■ WORK REQUEST:
From the data below, return only the lines from the one with "Additionally, a bowl" through the one with "Black Hills Gold", exact and inclusive, with pictures left out.

■ STUDY MATERIAL:
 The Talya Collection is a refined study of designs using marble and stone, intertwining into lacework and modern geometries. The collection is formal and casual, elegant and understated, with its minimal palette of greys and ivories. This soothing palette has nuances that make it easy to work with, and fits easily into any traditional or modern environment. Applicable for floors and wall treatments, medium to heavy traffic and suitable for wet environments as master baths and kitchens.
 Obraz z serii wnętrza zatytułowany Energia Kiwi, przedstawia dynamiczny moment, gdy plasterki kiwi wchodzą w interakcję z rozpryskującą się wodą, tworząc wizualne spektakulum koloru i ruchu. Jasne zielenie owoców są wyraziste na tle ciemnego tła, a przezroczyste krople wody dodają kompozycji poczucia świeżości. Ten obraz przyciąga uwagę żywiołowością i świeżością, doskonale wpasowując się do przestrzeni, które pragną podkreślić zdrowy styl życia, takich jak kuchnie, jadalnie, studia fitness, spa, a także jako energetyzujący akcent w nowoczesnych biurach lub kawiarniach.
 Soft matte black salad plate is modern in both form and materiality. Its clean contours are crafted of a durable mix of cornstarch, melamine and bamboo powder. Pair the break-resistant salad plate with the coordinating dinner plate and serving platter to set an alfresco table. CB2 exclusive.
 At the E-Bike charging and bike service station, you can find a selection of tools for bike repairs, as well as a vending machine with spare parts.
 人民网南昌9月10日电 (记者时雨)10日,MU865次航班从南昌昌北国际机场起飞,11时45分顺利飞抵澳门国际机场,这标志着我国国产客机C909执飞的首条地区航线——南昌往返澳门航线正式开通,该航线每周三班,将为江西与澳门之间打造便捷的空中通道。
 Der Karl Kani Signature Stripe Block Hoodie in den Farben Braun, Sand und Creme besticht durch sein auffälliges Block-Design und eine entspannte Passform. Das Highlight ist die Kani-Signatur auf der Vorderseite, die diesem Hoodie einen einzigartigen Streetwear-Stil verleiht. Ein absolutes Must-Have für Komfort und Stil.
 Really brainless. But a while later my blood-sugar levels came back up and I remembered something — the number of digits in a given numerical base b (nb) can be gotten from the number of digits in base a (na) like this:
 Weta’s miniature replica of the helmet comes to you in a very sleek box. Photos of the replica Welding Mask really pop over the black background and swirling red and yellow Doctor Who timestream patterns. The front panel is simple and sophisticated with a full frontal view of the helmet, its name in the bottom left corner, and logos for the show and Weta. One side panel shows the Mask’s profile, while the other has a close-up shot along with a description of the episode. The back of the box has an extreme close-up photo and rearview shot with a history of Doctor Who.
==
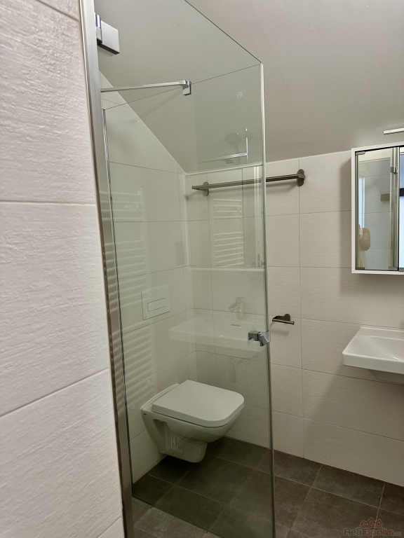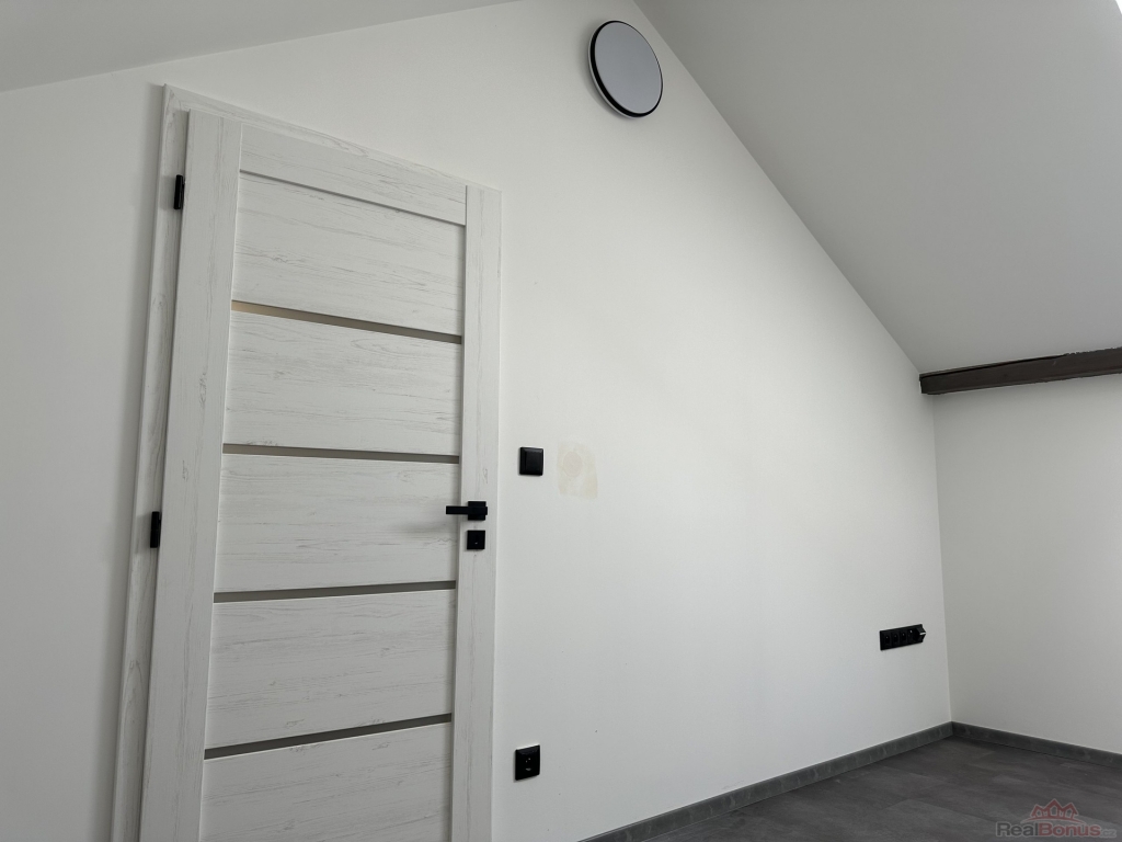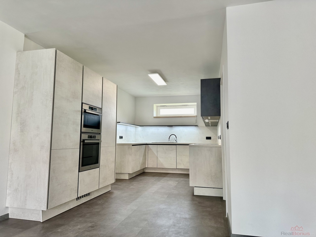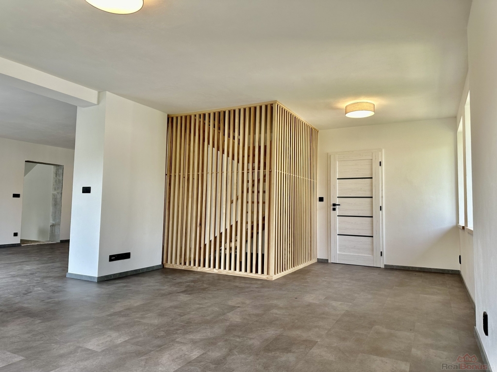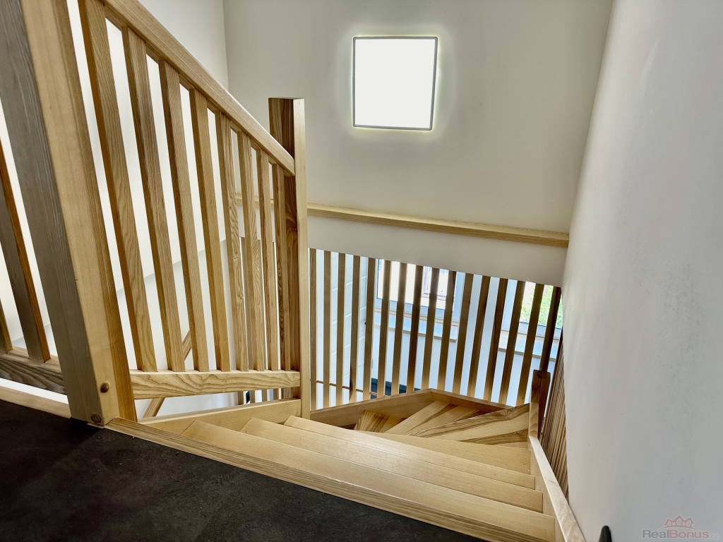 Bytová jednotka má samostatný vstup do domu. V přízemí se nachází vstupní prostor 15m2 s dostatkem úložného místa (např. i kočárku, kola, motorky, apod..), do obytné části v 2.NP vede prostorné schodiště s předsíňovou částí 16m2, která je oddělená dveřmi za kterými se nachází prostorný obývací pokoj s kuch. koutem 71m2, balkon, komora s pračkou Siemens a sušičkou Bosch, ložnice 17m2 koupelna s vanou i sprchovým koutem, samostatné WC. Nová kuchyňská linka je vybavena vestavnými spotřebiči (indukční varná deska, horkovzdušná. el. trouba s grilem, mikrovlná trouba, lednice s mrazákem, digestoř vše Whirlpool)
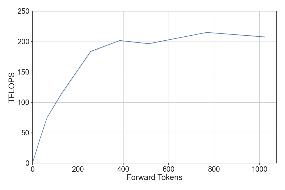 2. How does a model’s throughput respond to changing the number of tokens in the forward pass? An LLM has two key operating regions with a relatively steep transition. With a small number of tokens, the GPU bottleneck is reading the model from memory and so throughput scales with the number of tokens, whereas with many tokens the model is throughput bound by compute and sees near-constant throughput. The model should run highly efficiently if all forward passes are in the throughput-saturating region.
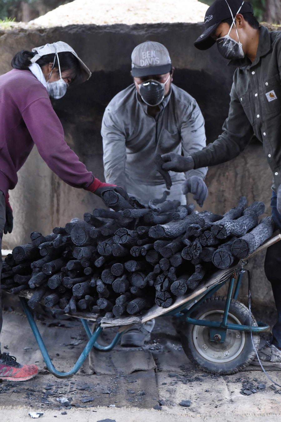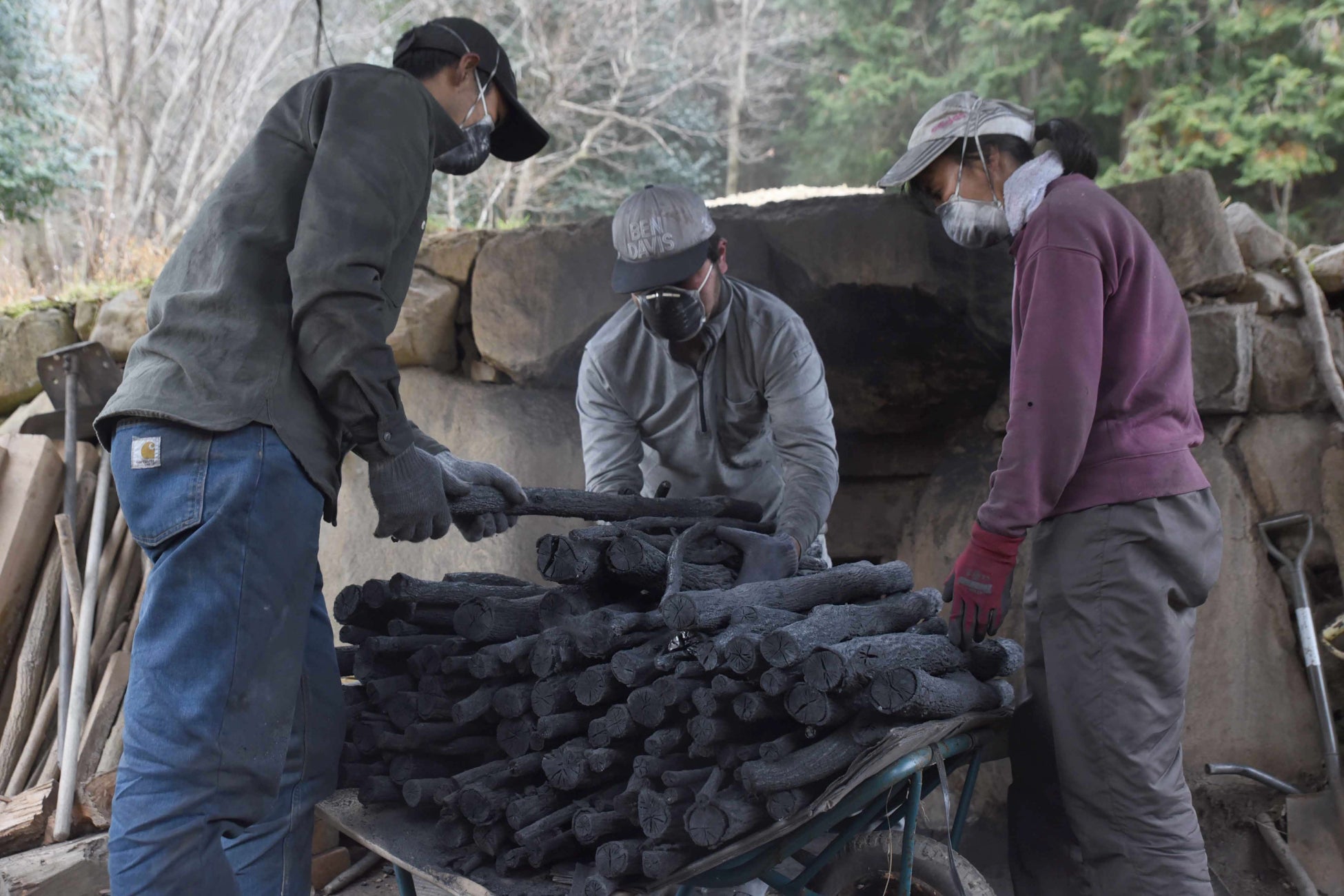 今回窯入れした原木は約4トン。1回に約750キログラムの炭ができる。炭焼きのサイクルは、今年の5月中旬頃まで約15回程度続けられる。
--
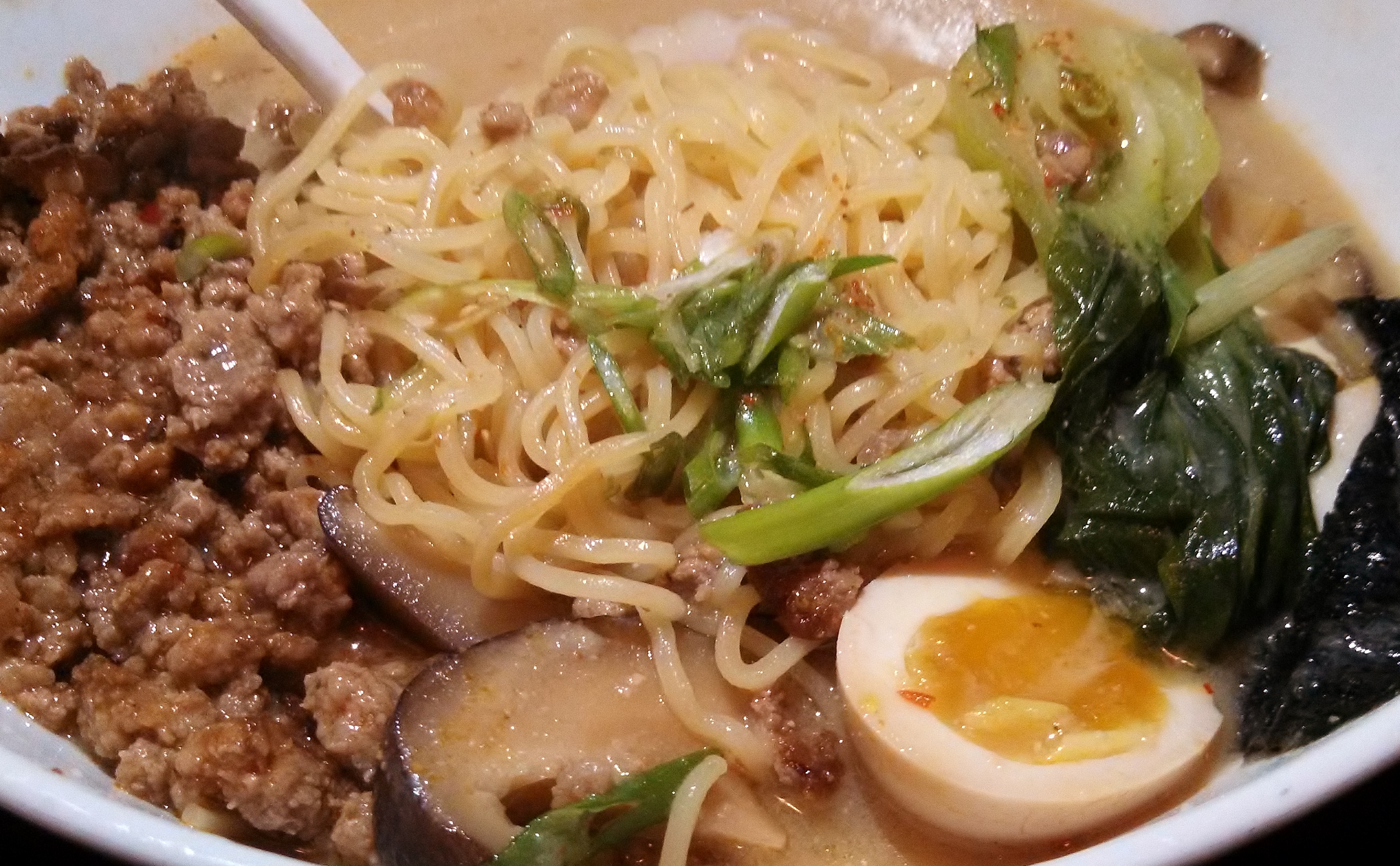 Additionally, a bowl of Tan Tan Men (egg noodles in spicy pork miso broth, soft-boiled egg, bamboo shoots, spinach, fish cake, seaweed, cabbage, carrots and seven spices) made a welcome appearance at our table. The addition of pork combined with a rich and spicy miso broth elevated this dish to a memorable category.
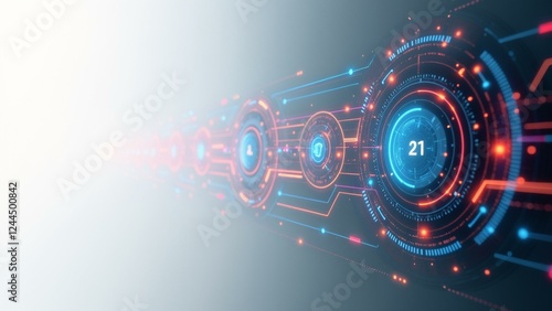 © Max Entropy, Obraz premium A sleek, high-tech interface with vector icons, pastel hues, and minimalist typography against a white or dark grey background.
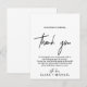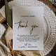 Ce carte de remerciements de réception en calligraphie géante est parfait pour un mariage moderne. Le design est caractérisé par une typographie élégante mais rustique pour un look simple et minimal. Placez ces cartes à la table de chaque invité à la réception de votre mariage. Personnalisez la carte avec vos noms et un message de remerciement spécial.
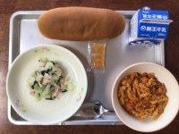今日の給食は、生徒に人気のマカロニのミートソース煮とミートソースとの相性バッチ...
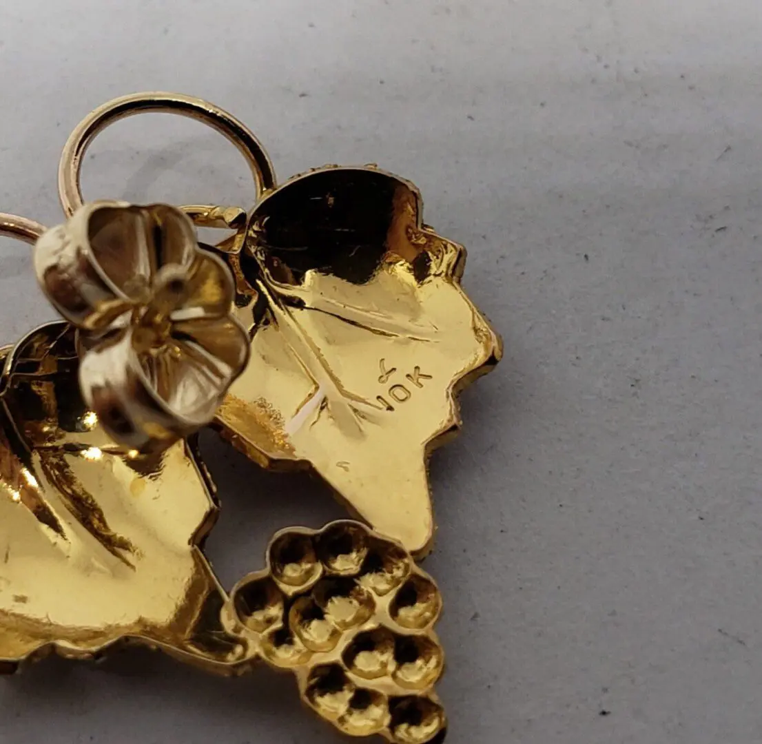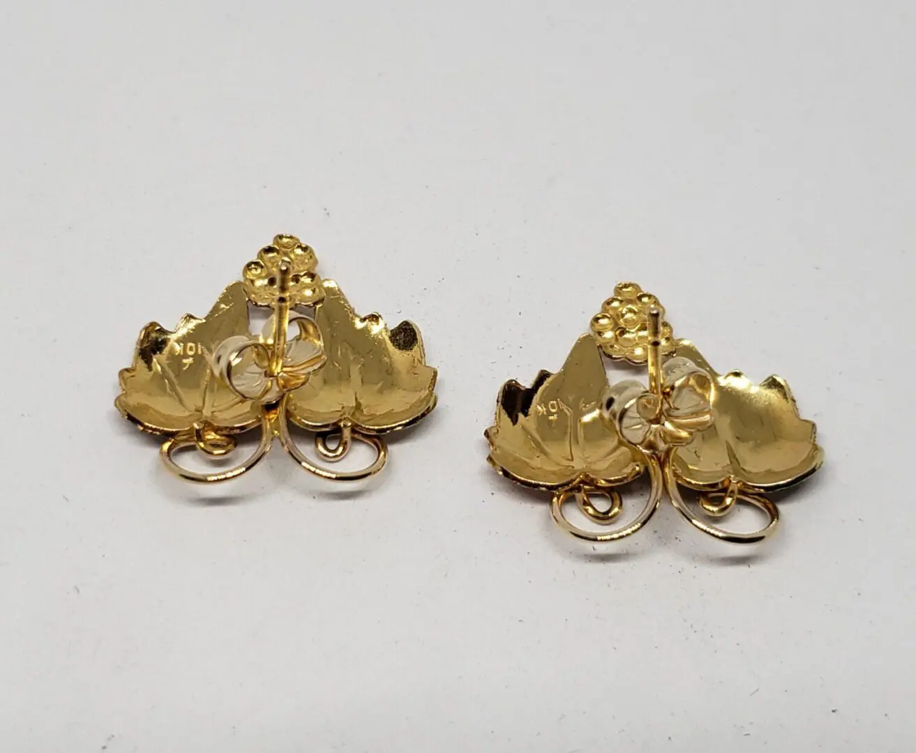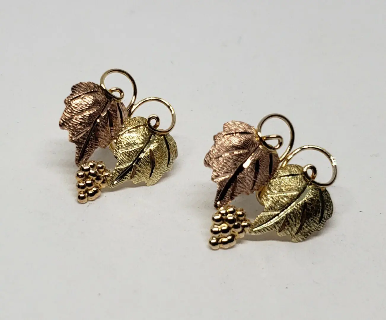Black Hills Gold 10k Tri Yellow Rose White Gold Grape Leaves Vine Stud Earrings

■ OUTPUT OF THE EXERCISE:
 Additionally, a bowl of Tan Tan Men (egg noodles in spicy pork miso broth, soft-boiled egg, bamboo shoots, spinach, fish cake, seaweed, cabbage, carrots and seven spices) made a welcome appearance at our table. The addition of pork combined with a rich and spicy miso broth elevated this dish to a memorable category.
 © Max Entropy, Obraz premium A sleek, high-tech interface with vector icons, pastel hues, and minimalist typography against a white or dark grey background.
 Ce carte de remerciements de réception en calligraphie géante est parfait pour un mariage moderne. Le design est caractérisé par une typographie élégante mais rustique pour un look simple et minimal. Placez ces cartes à la table de chaque invité à la réception de votre mariage. Personnalisez la carte avec vos noms et un message de remerciement spécial.
今日の給食は、生徒に人気のマカロニのミートソース煮とミートソースとの相性バッチ...
Black Hills Gold 10k Tri Yellow Rose White Gold Grape Leaves Vine Stud Earrings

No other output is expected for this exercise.